L'art de la Guerre (Les Treize Articles)
contenance
Sun Tzu dit : Généralement, le
commandement du grand nombre est le même que pour le petit nombre,
ce n'est qu'une question d'organisation. Contrôler le grand et le
petit nombre n'est qu'une seule et même chose, ce n'est qu'une
question de formation et de transmission des signaux.
Ayez les noms de tous les officiers tant
généraux que subalternes ; inscrivez-les dans un catalogue à
part, avec la note des talents et de la capacité de chacun d'eux,
afin de pouvoir les employer avec avantage lorsque l'occasion en
sera venue. Faites en sorte que tous ceux que vous devez commander
soient persuadés que votre principale attention est de les
préserver de tout dommage.
Les troupes que vous ferez avancer contre
l'ennemi doivent être comme des pierres que vous lanceriez contre
des œufs. De vous à l'ennemi, il ne doit y avoir d'autre différence
que celle du fort au faible, du vide au plein.

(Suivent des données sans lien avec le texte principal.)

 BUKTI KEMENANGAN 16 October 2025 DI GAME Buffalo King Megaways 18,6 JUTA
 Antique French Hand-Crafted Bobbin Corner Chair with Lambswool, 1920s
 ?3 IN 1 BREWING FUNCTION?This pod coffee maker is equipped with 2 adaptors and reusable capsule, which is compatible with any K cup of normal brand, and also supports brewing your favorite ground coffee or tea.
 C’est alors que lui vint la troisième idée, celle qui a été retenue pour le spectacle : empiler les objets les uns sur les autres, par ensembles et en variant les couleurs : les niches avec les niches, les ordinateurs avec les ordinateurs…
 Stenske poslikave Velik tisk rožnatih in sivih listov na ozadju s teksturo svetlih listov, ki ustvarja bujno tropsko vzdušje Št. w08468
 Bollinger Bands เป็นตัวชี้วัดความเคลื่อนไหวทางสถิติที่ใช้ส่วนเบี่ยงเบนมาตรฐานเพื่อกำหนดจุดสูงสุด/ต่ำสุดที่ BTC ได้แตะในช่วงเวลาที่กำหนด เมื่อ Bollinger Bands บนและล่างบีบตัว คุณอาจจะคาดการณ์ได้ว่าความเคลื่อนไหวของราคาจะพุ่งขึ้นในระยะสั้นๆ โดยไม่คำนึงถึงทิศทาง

La certitude de subir l'attaque de l'ennemi
sans subir une défaite est fonction de la combinaison entre
l'utilisation
directe
et
indirecte
des forces. [2]
Usez généralement des forces directes pour
engager la bataille, et des forces indirectes pour emporter la
décision. Les ressources de ceux qui sont habiles dans
l'utilisation des forces indirectes sont aussi infinies que celles
des Cieux et de la Terre, et aussi inépuisables que le cours des
grandes rivières.
Attaquez à découvert, mais soyez vainqueur en
secret. Voilà en peu de mots en quoi consiste l'habileté et toute
la perfection même du gouvernement des troupes. Le grand jour et
les ténèbres, l'apparent et le secret ; voilà tout l'art. Ceux
qui le possèdent sont comparables au Ciel et à la Terre, dont les
mouvements ne sont jamais sans effet : ils ressemblent aux
fleuves et aux mers dont les eaux ne sauraient tarir. Fussent-ils
plongés dans les ténèbres de la mort, ils peuvent revenir à la
vie ; comme le soleil et la lune, ils ont le temps où il faut
se montrer, et celui où il faut disparaître ; comme les quatre
saisons, ils ont les variétés qui leur conviennent ; comme les
cinq tons de la musique, comme les cinq couleurs, comme les cinq
goûts, ils peuvent aller à l'infini. Car qui a jamais entendu tous
les airs qui peuvent résulter de la différente combinaison des
tons ? Qui a jamais vu tout ce que peuvent présenter les
couleurs différemment nuancées ? Qui a jamais savouré tout ce
que les goûts différemment tempérés peuvent offrir d'agréable ou de
piquant ? On n'assigne cependant que cinq couleurs et cinq
sortes de goût.
Dans l'art militaire, et dans le bon
gouvernement des troupes, il n'y a certes que deux sortes de
forces ; leurs combinaisons étant sans limites, personne ne
peut toutes les comprendre. Ces forces sont mutuellement
productives et agissent entre elles. Ce serait dans la pratique une
chaîne d'opérations dont on ne saurait voir le bout, tels ces
anneaux multiples et entremêlés qu'il faut assembler pour former un
annulaire, c'est comme une roue en mouvement qui n'a ni
commencement ni fin.
Dans l'art militaire, chaque opération
particulière a des parties qui demandent le grand jour, et des
parties qui veulent les ténèbres du secret. Vouloir les assigner,
cela ne se peut ; les circonstances peuvent seules les faire
connaître et les déterminer. On oppose les plus grands quartiers de
rochers à des eaux rapides dont on veut resserrer le lit : on
n'emploie que des filets faibles et déliés pour prendre les petits
oiseaux. Cependant, le fleuve rompt quelquefois ses digues après
les avoir minées peu à peu, et les oiseaux viennent à bout de
briser les chaînes qui les retiennent, à force de se débattre.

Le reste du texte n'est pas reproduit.